Start of Block

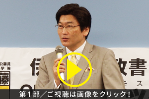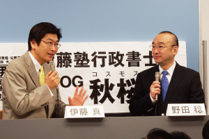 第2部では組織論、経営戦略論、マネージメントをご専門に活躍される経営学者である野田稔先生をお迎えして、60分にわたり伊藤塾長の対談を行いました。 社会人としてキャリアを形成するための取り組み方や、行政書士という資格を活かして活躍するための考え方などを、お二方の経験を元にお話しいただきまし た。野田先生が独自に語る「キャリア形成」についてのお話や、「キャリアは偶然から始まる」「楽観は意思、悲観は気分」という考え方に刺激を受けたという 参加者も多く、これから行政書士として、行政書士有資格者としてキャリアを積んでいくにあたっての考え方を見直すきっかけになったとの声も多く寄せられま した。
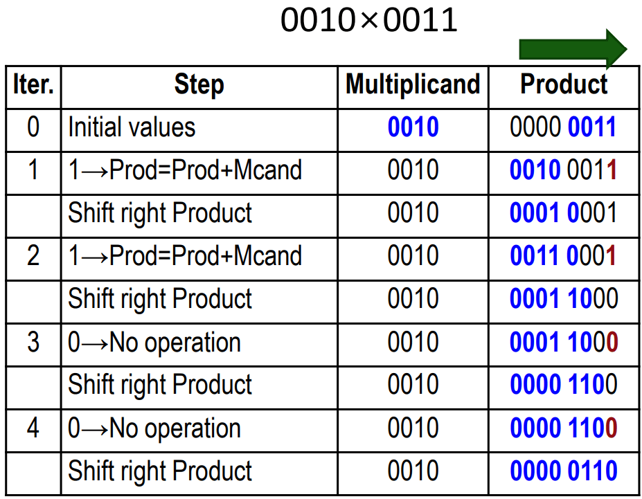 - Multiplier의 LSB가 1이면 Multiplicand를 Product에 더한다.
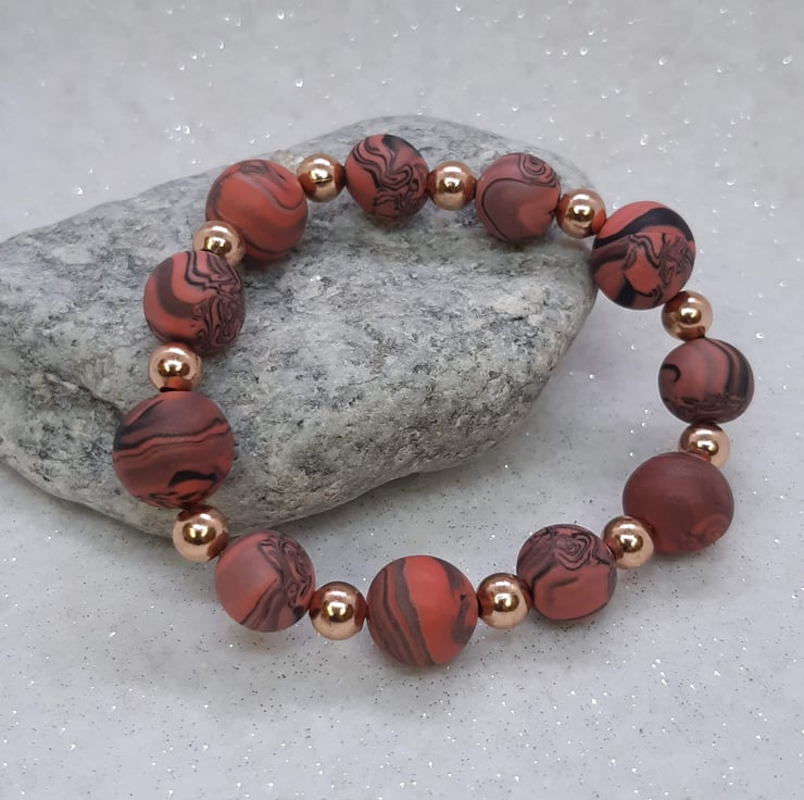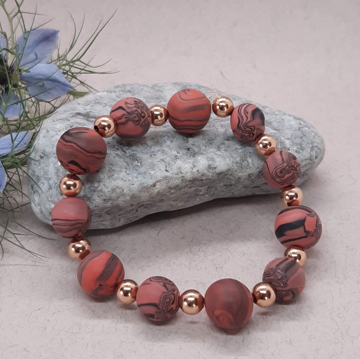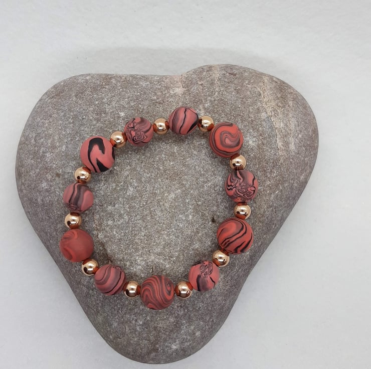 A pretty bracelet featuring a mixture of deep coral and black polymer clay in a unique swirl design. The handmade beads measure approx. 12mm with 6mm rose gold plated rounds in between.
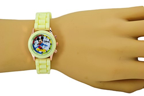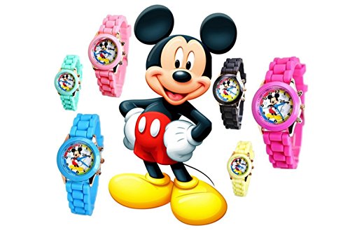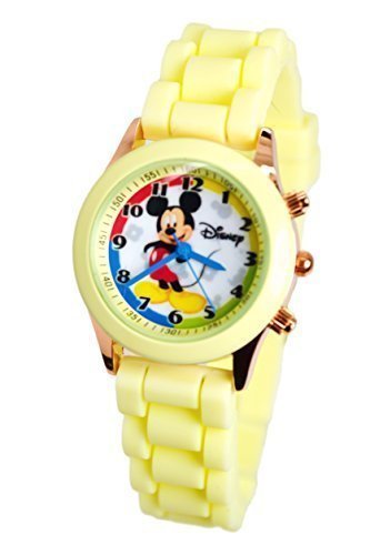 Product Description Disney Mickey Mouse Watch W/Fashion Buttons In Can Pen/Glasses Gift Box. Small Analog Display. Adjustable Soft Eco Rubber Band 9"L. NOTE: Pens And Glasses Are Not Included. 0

End of Block

- _Work instructions_
Only one part of the material above is wanted: the lines from the one with "- Multiplier의 LSB가" up to and including the one with "A pretty bracelet". Please copy them exactly, pictures left out.

- _Problem solution_
 - Multiplier의 LSB가 1이면 Multiplicand를 Product에 더한다.
 A pretty bracelet featuring a mixture of deep coral and black polymer clay in a unique swirl design. The handmade beads measure approx. 12mm with 6mm rose gold plated rounds in between.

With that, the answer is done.